Родители ждали меня на перроне. Как я обрадовалась, увидев их! Факт! У мамы на голове был платок, обычно она его не носит. Папка был нормальный. Когда мы двинулись, я схватила маму под руку, потому что вещи взял отец.
— Больше всего ненавижу встречи, — сказала я. — А ты, мама?
Факт! Не выношу объятий и поцелуев. Я тогда зверею.
Мама подумала, потом засмеялась.
— Я тоже!
Конечно, это противно каждому нормальному человеку. Я расстегнула пальто. У меня пальто три четверти, да еще с теплой подстежкой.
— Фу! Ну и жарища у вас, — сказала я. — У нас в горах такая холодина! Вы тут не таете в своих шубах?
Все городские модницы ходили страшно закутанные. Только я одна была с открытой головой, и все равно мне было жарко.
— Или у меня температура? — пришло мне в голову. — Говорят, у вас тут грипп?
Тут я спохватилась, что каникулы-то продлили, и прикусила язык. Разговорчики о гриппе могли сыграть против меня…
— Хорошо ли ты ехала, Олик? — поинтересовался папка.
— Хорошо, — сказала я. — С двумя старыми тетками. А, вон они!
Тетки сели, оказывается, в наш трамвай. Папка им поклонился, а мама засмеялась.
— Да им не больше сорока, — шепнула она мне. — Значит, я тоже скоро старуха?
Об этом-то я и не подумала! Вот тупица…
— Ты? — засмеялась я. — Ты что, мама? Ты — и старуха?
Я пошевелила пальцами у лба. Моя мама красивая, и самое красивое у нее — глаза. Они большие и золотистые. И в них что-то мерцает.
— Я рад, что у тебя были хорошие спутницы, — распинался папка. — По крайней мере, разные авантюристы не приставали к тебе с вопросами: «Когда же мы встретимся, барышня?»
— Нет, — отрезала я, — не приставали. Ограничивались пока что взглядами.
Отца-то я срезала, но, между прочим, это была правда. Сидел в купе один пожилой мужчина, все время пялил на меня глаза. Ему могло быть лет двадцать семь — двадцать восемь. Ногти у него были чистые, но все равно вид подозрительный. Он все время поднимал ноги и подтягивал складки на брюках. Да еще пах — только не кремом, а одеколоном. Один раз он вмешался в наш разговор, но я отвернулась к окну, чтобы тетки не думали, что я такая, с которой каждый может себе все разрешить.
Мы вышли из трамвая, и папка стал разглядывать меня под фонарем.

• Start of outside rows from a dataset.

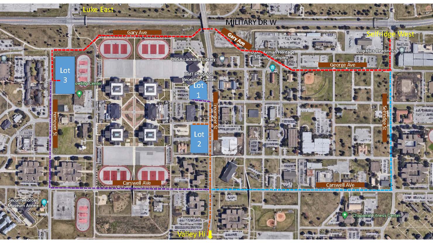 Lackland Af Base Map – San Antonio Police Department (SAPD) officials say someone fired at Air Force security personnel at the gate of Chapman Training Annex, located along Medina Base Road, at around 2:15 a.m. That service . Security guards at the entrance to a training annex at Joint Base San Antonio-Lackland twice came under fire early Saturday morning from unknown assailants. The second ambush sparked a brief .
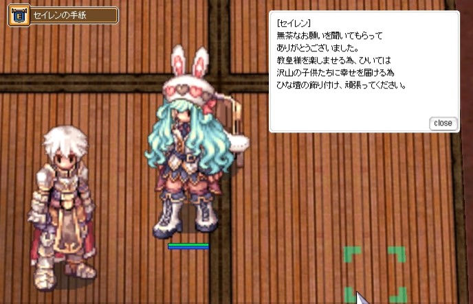 B鯖の3次職のキャラはみんなカンストしてるから幸せのひな壇で経験値をもらう予定なかったけど、セイレンの手紙をもらわないと!と思って。
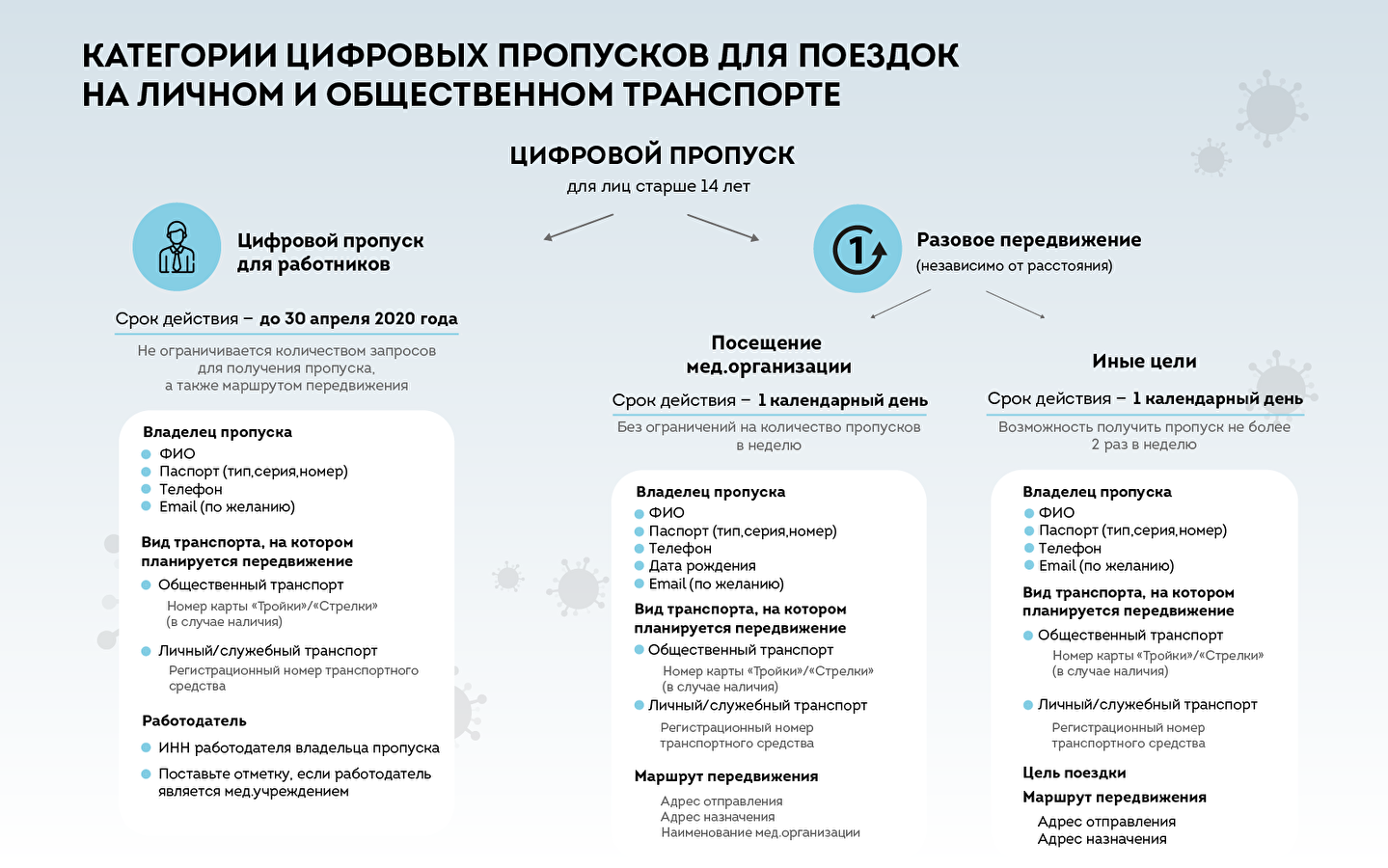 С 15 апреля 2020 для поездок по Москве и Московской области на личном и общественном транспорте потребуются специальные цифровые пропуска. Начать их оформление можно будет с понедельника, 13 апреля.

— Как ты ходишь? — сказал он. — У тебя ноги болят?
— А что? Ничего у меня не болит.
— Тогда почему ты боишься наступить? Прямо видно, как ты переносишь вес с одной ноги на другую. Может, гвоздь у тебя в ботинке?

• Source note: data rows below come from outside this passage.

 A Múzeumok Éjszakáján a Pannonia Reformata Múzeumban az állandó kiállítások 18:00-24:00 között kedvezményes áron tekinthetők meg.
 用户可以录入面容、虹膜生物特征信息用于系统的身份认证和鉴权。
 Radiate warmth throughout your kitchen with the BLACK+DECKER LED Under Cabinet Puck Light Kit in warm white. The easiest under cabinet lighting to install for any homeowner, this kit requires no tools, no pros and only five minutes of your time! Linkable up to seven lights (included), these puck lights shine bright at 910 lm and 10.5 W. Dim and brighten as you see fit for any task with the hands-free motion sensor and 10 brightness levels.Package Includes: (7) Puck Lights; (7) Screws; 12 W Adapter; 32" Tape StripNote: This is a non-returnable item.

Господи, чего только не выдумает!
— А плечи выдвигаешь вперед, словно у тебя сломана ключица. Слушай, ты об дерево там не треснулась? Ведь ты не ходишь, а вся извиваешься, будто у тебя ни одной косточки целой!
— Я хожу нормально, — отрезала я и зашагала вперед.
Знаю, ему не нравится, что я теперь не топаю как слон и не размахиваю руками, как в восемь лет. Теперь я хожу стройно. Ступаю сначала на носок и потом опускаю всю ступню, как вычитала в «Человеке». Надо только привыкнуть, тогда уже само пойдет. Как твист или любой другой танец. А отец — не треснулась ли я об дерево! Ох, трудно с ним! Но не нужно обращать внимания.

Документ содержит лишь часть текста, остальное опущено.